Emeric Pressburger (born Imre József Pressburger; 5 December 19025 February 1988) was a Hungarian-British screenwriter, film director, and producer. He is best known for his series of film collaborations with Michael Powell, in a collaboration partnership known as the Archers, and produced a series of films, including 49th Parallel (1941), The Life and Death of Colonel Blimp (1943), A Matter of Life and Death (US: Stairway to Heaven, 1946), Black Narcissus (1947), The Red Shoes (1948), and The Tales of Hoffmann (1951). He has been played on screen by Alec Westwood in the award-winning short film Òran na h-Eala (2022) which explores Moira Shearer's life-changing decision to appear in The Red Shoes.

Early years 
Imre József Pressburger was born in Miskolc, in the Kingdom of Hungary, of Jewish heritage. He was the only son (he had one elder half-sister from his father's previous marriage) of Kálmán Pressburger, estate manager, and his second wife, Kätherina (née Wichs).
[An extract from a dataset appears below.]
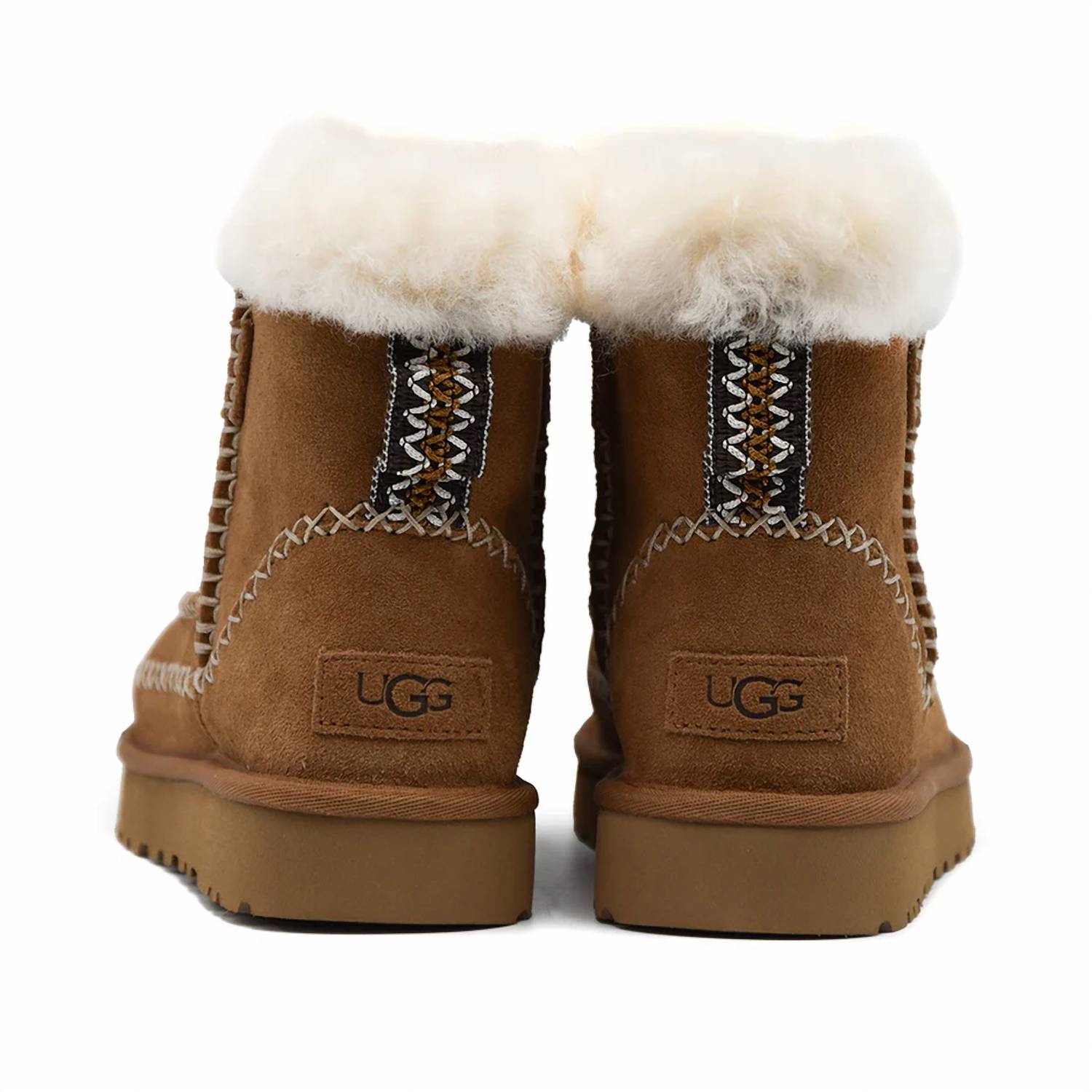 Say hello to the perfect, most versatile boot. The ankle height makes this style easily transition from day to night. Wear them with your favorite skinny jeans and tee for a more laid back look, or pair them with your favorite mini dress and jacket for a night out on the town. Introducing the Women's Classic Mini Alpine Boot by UGG, crafted in a rich chestnut suede for timeless appeal. This boot features a round toe and a 1.25-inch platform heel, offering a sleek and subtle lift. The exposed sheepskin collar, suede mudguard, and decorative stitching encapsulate UGG's iconic design, further enhanced by the fixed leather lace and UGGbraid pull tab. Enjoy superior comfort with a 17mm UGGplush™ lining and a sugarcane EVA outsole, perfect for an ultralight, eco-conscious on-the-foot feel.

He attended a boarding-school in Temesvár, where he was a good pupil, excelling at mathematics, literature and music. He then studied mathematics and engineering at the Universities of Prague and Stuttgart before his father's death forced him to abandon his studies.

Film career

Berlin and Paris 
Pressburger began a career as a journalist. After working in Hungary and Weimar Republic-era Germany he turned to screenwriting in the late 1920s, working for UFA in Berlin (having moved there in 1926). The rise of the Nazis forced him to flee to Paris, where he again worked as screenwriter, and then to London. He later said, "[the] worst things that happened to me were the political consequences of events beyond my control ... the best things were exactly the same."

Pressburger's early films were mainly made in Germany and France where he worked at the UFA Studios in the Dramaturgie department (script selection, approval and editing) and as a scriptwriter in his own right. In the 1930s, many European films were produced in multiple-language versions. Some of the films made in Germany survive with French intertitles and vice versa.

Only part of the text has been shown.